Das Formular 28 wurde ebenfalls übersichtlicher gestaltet und an einer Stelle redaktionell angepasst. Damit wird einer Änderung der Soziotherapie-Richtlinie aus dem Jahr 2017 Rechnung getragen: Auch Psychotherapeuten dürfen künftig Soziotherapie verordnen, sobald die Vergütung festgelegt wurde (die PraxisNachrichten berichteten).

KBV überarbeitet Soziotherapie-Broschüre

Anfang kommenden Jahres lässt die KBV eine aktualisierte Fassung ihrer Soziotherapie-Broschüre aus der Reihe PraxisWissen drucken. Darin werden die Anpassungen der Soziotherapie-Richtlinie und die Verordnungsmöglichkeit durch Psychotherapeuten berücksichtigt. Derzeit kann das Heft als PDF-Dokument hier kostenlos heruntergeladen werden.

Soziotherapie

Soziotherapie ist eine Betreuungsleistung für schwer psychisch kranke Menschen, durch die Krankenhausaufenthalte vermieden werden sollen. Die Patienten sollen durch Soziotherapie in die Lage versetzt werden, ambulante ärztliche Leistungen in Anspruch zu nehmen.

Soziotherapie beinhaltet strukturierte Trainings- und Motivationsmethoden und findet im sozialen Umfeld des Patienten statt. Der Patientenkreis ist eng gefasst und ergibt sich aus Diagnose, Schweregrad und krankheitsbedingten Fähigkeitsstörungen.

Überweisung zur Soziotherapie

Nur Ärzte bestimmter Fachrichtungen, zum Beispiel Nervenheilkunde, Neurologie oder Psychiatrie und Psychotherapie, dürfen Soziotherapie verordnen. Ärzte anderer Fachrichtungen können ihre Patienten zu einem dieser Kollegen überweisen, wenn sie eine Soziotherapie für erforderlich halten. Der Kollege stellt dann die Verordnung aus und begleitet die Soziotherapie.

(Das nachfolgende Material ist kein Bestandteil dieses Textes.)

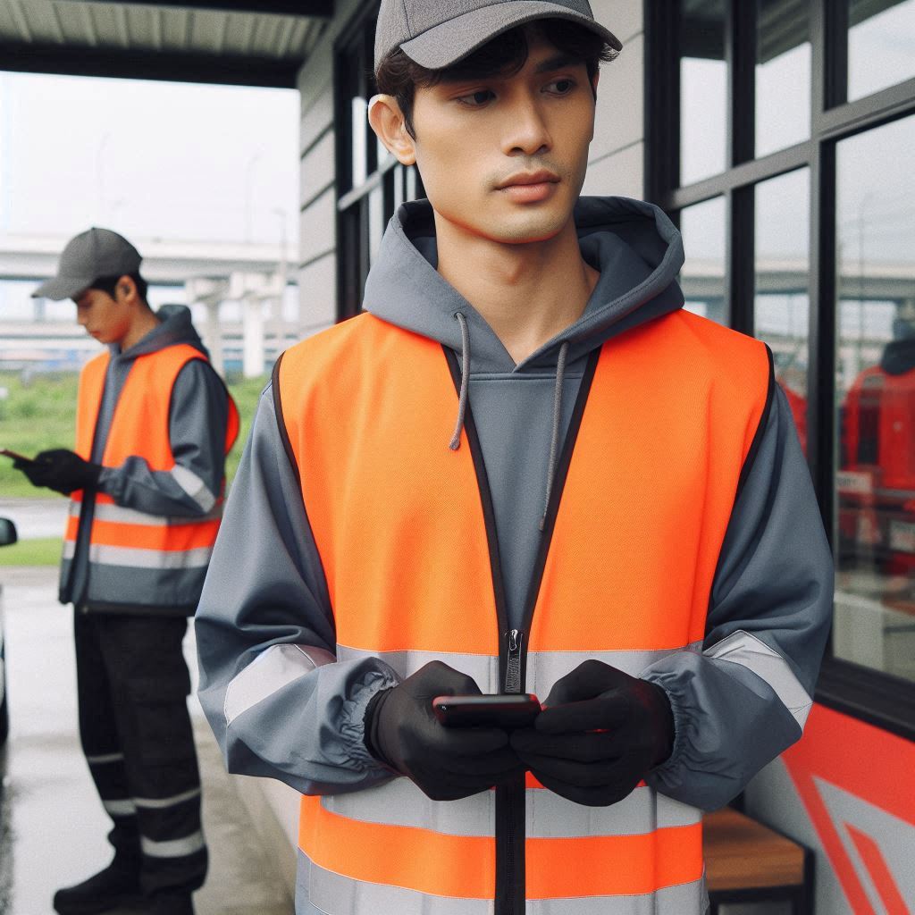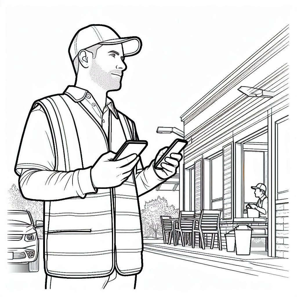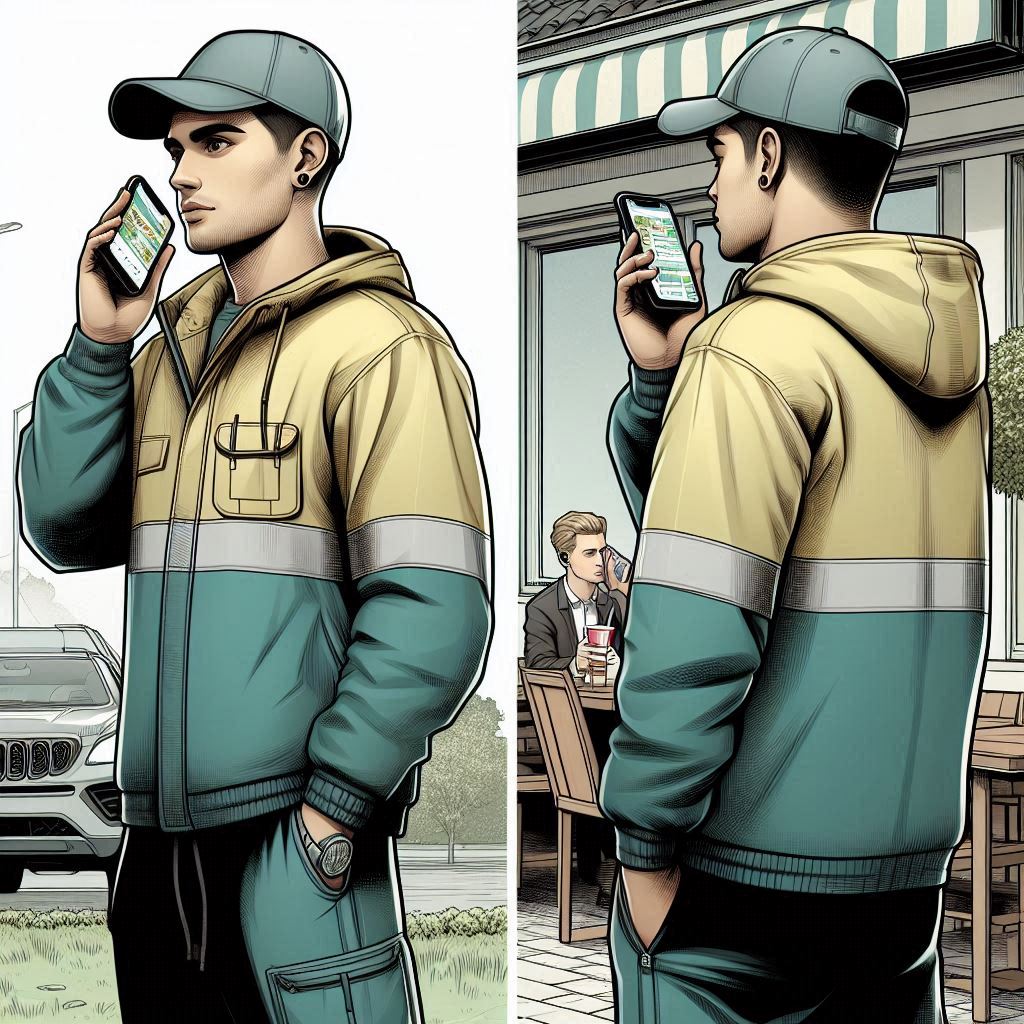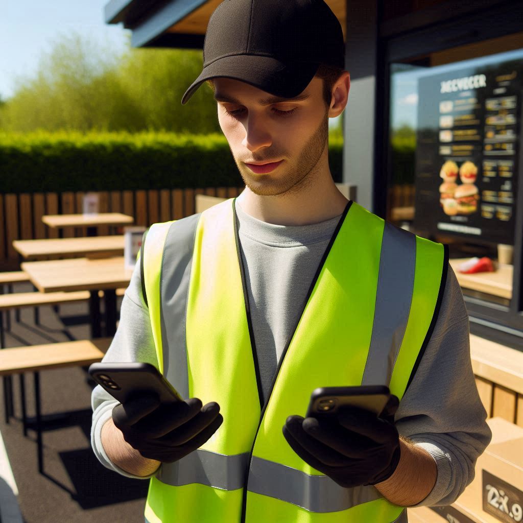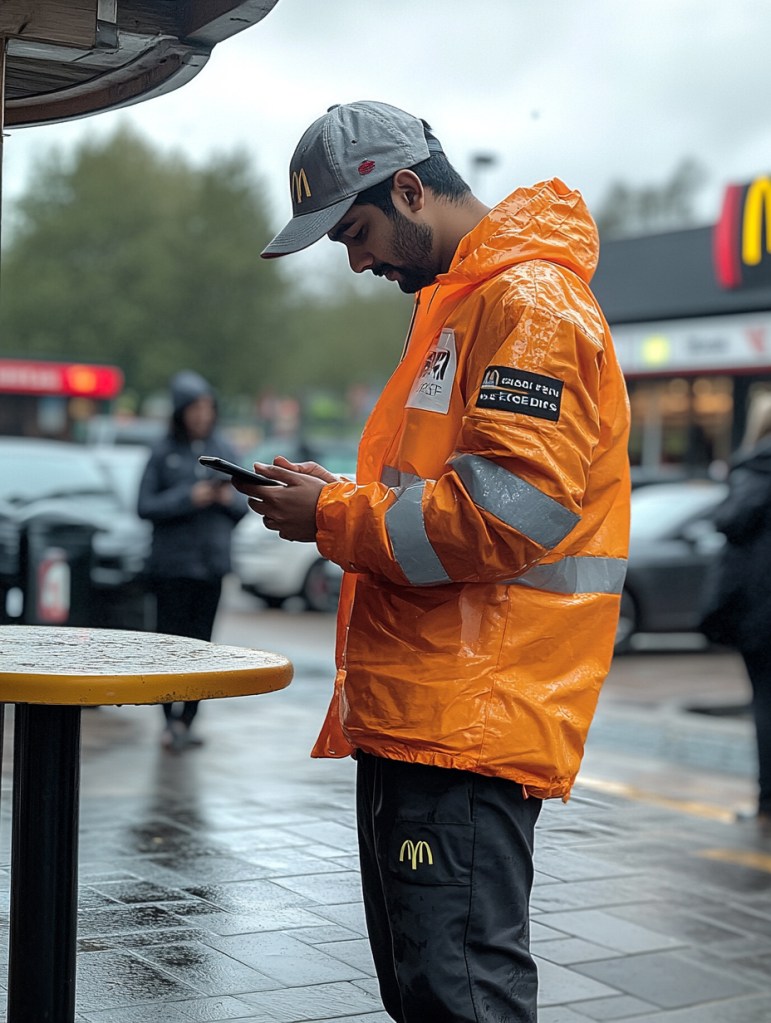 My first attempt at a prompt was based on the above picture; ‘photo of a sad Deliveroo employee looking at his mobile phone. He is stood in front of a drive-through fast food restaurant. It is sunny and bright’. Here are some of the initial outputs: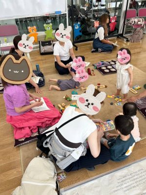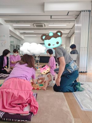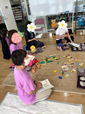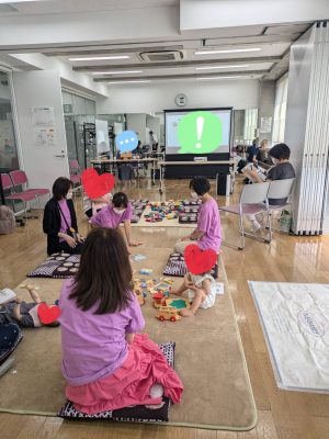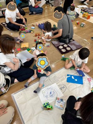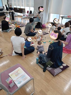 絵本をみたり、木やフェルトのおもちゃで遊んだり、工作を楽しんだりと、講演の一時間の間も、いつも通りに 過ごされていましたよ![]()
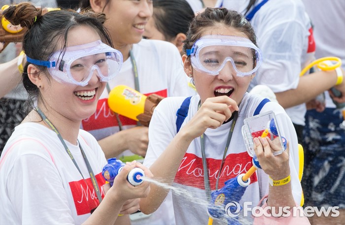 (서울=포커스뉴스) 23일 오후 서울 여의도 한강공원에서 열린 한강 물싸움 축제에서 참가자들이 시원한 물총싸움을 하며 더위를 식히고 있다.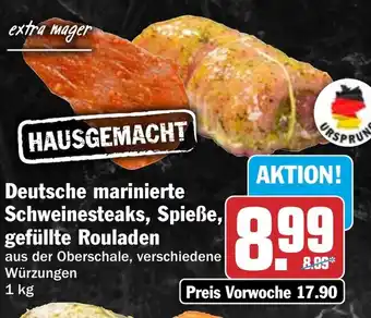 Deutsche marinierte Schweinesteaks, Spieße, gefüllte Rouladen Angebote und Online Aktionen direkt aus dem aktuellen HIT Angebot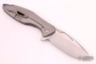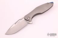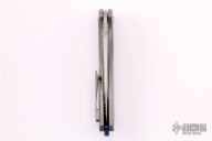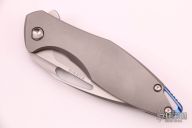 This Arius by Koenig knives features a two-tone blade with thumbhole and flipper. The handle has a nicely milled titanium frame with a titanium tip up clip, blue anodized titanium backspacer. Has ceramic bearings and a ceramic detent ball. Nice detent, lockup and blade seating. Comes with original box and COA dated April 28nd, 2021. Comes with a set of anodized titanium screws. Excellent condition.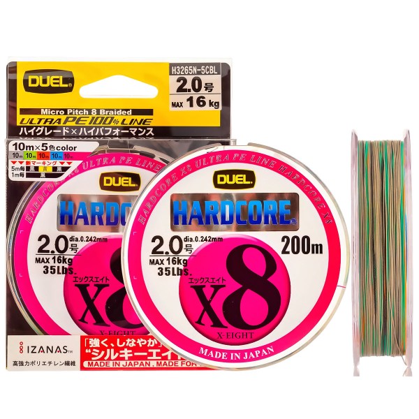 Duel Hardcore x8 е подходящ за спининг и тролинг, сладководен джиг и дълбоководен морски риболов. Отличен избор за кастинг с изкуствени примамки и бомбарди.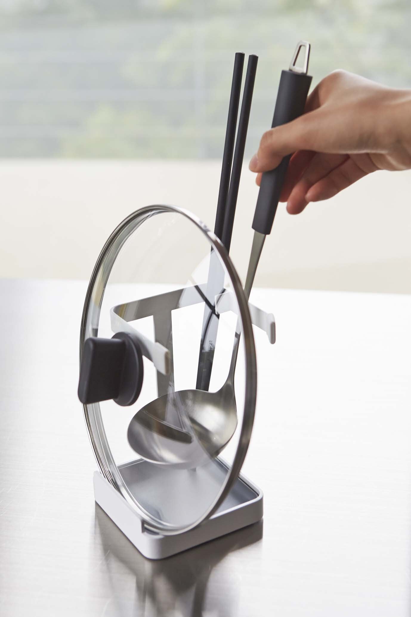 調理中のお玉・鍋ふた・菜箸スタンド。ふたを立てたままでも、お玉の出し入れがスムーズ! トレイが外せるのでお手入れ簡単! 食卓でお鍋の時にも重宝します。まな板・タブレットスタンドとして。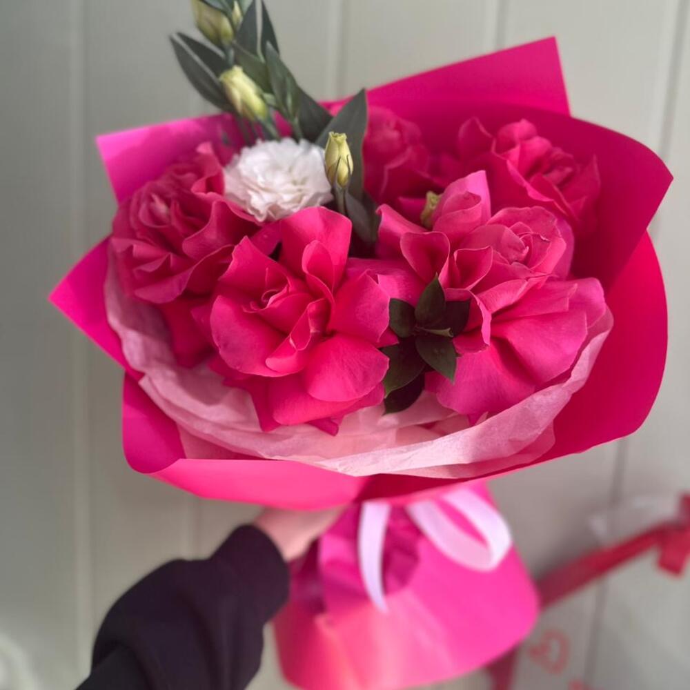 Рускус - 1 шт. эустома белая - 1 шт. французских рускусроза pink floyd - 5 шт.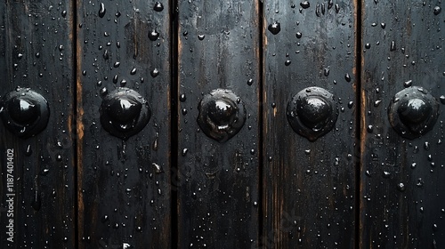 © Gufis, Obraz premium Dark wood planks with water droplets and metal studs.
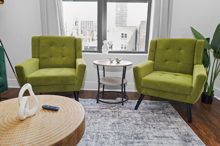 Vitajte v apartmáne State Suite, vašom umelecky navrhnutom mesteckom útočisku s 3 spálňami a 2 kúpeľňami v srdci chicagskej štvrte South Loop. Predstavte si, že sa zobudíte do mäkkého ranného svetla, ktoré preniká cez vysoké okná, popíjate kávu v priestore, ktorý spája elegantný mestský štýl s útulným pohodlím. Či už prichádzate na služobnú cestu, rodinný výlet alebo víkend plný zábavy, v tomto apartmáne sa stretáva pohodlie a sofistikovanosť.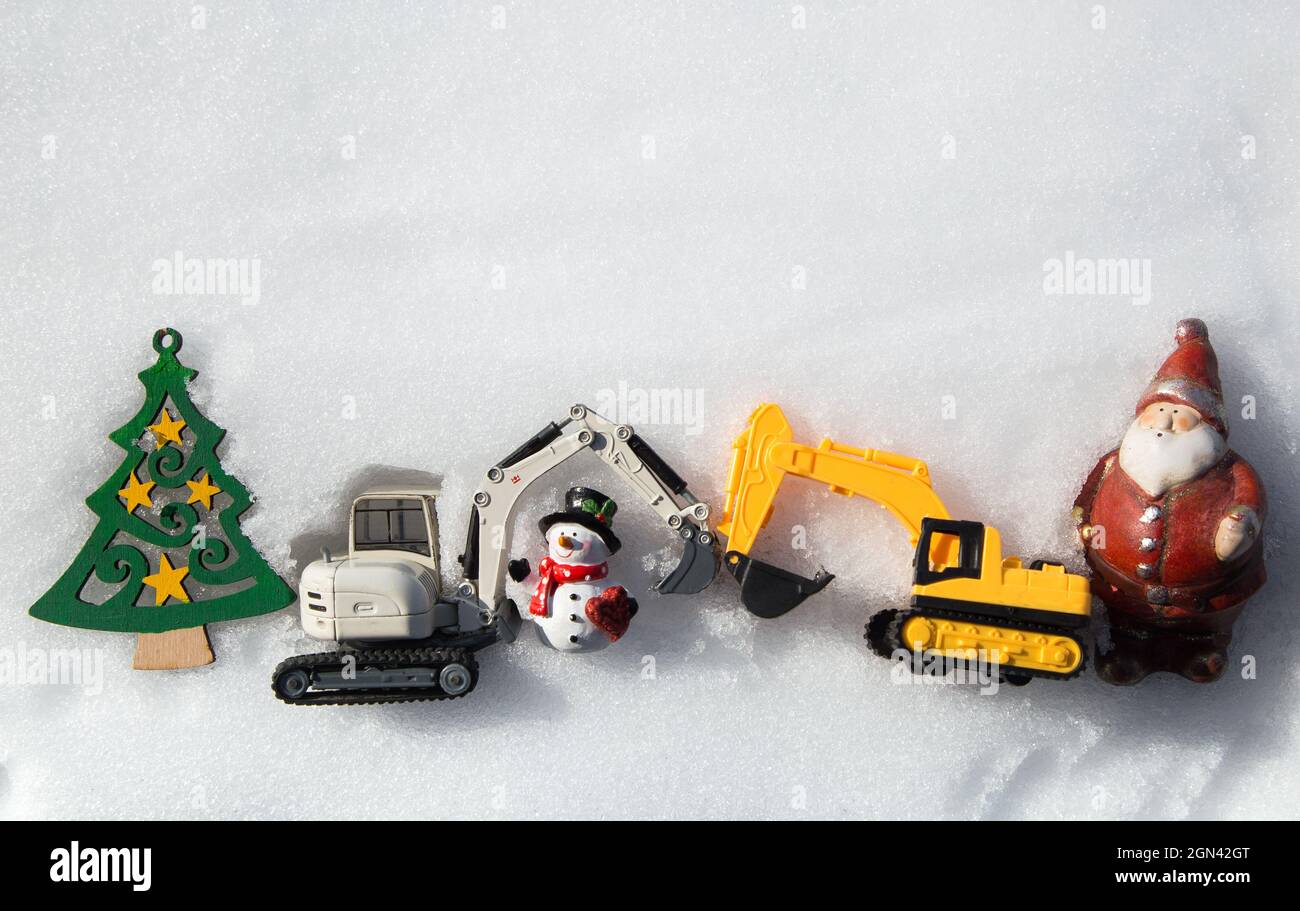 Due modelli di escavatori giocattolo, un uomo di neve souvenir, babbo natale giacciono in fila su neve bianca. Concetto per Natale affari saluti, Capodanno vacanze Foto stock - Alamy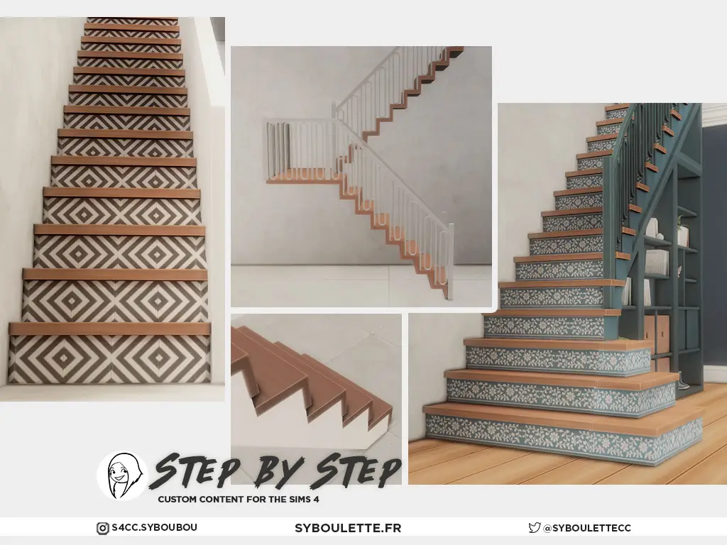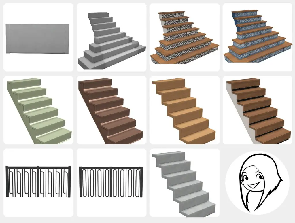 The flared bottom part uses a different shader than the rest of the stairs, so the colors won’t always match perfectly (they can look a bit lighter or darker depending on your lighting). The textures also stretched in a weird way, so most of the time I just tried things over and over until it looked right. Just wanted to be honest about that!

Für den Fall, dass ein Patient die Überweisung alleine nicht in Anspruch nehmen kann, gibt es eine Sonderregelung: Der überweisende Arzt darf einen Soziotherapeuten per Verordnung hinzuziehen, der den Patienten motivieren soll, überhaupt einen Facharzt aufzusuchen, der für einen längeren Zeitraum verordnen kann.

Ärzte folgender Fachrichtungen dürfen Soziotherapie verordnen:

  • Psychiatrie und Psychotherapie
  • Nervenheilkunde
  • Psychosomatische Medizin und Psychotherapie
  • Neurologie
  • Kinder- und Jugendpsychiatrie (in therapeutisch begründeten Fällen in der Übergangsphase ab dem 18. Lebensjahr bis zur Vollendung des 21. Lebensjahrs)
  • Psychiatrische Institutsambulanzen beziehungsweise dort tätige Fachärzte

Demnächst dürfen auch Psychologische Psychotherapeuten sowie Kinder- und Jugendlichenpsychotherapeuten (in therapeutisch begründeten Fällen in der Übergangsphase ab dem 18. Lebensjahr bis zur Vollendung des 21. Lebensjahrs) Soziotherapie verordnen. Derzeit verhandelt der Bewertungsausschuss noch die Vergütung für das Ausstellen der Verordnung.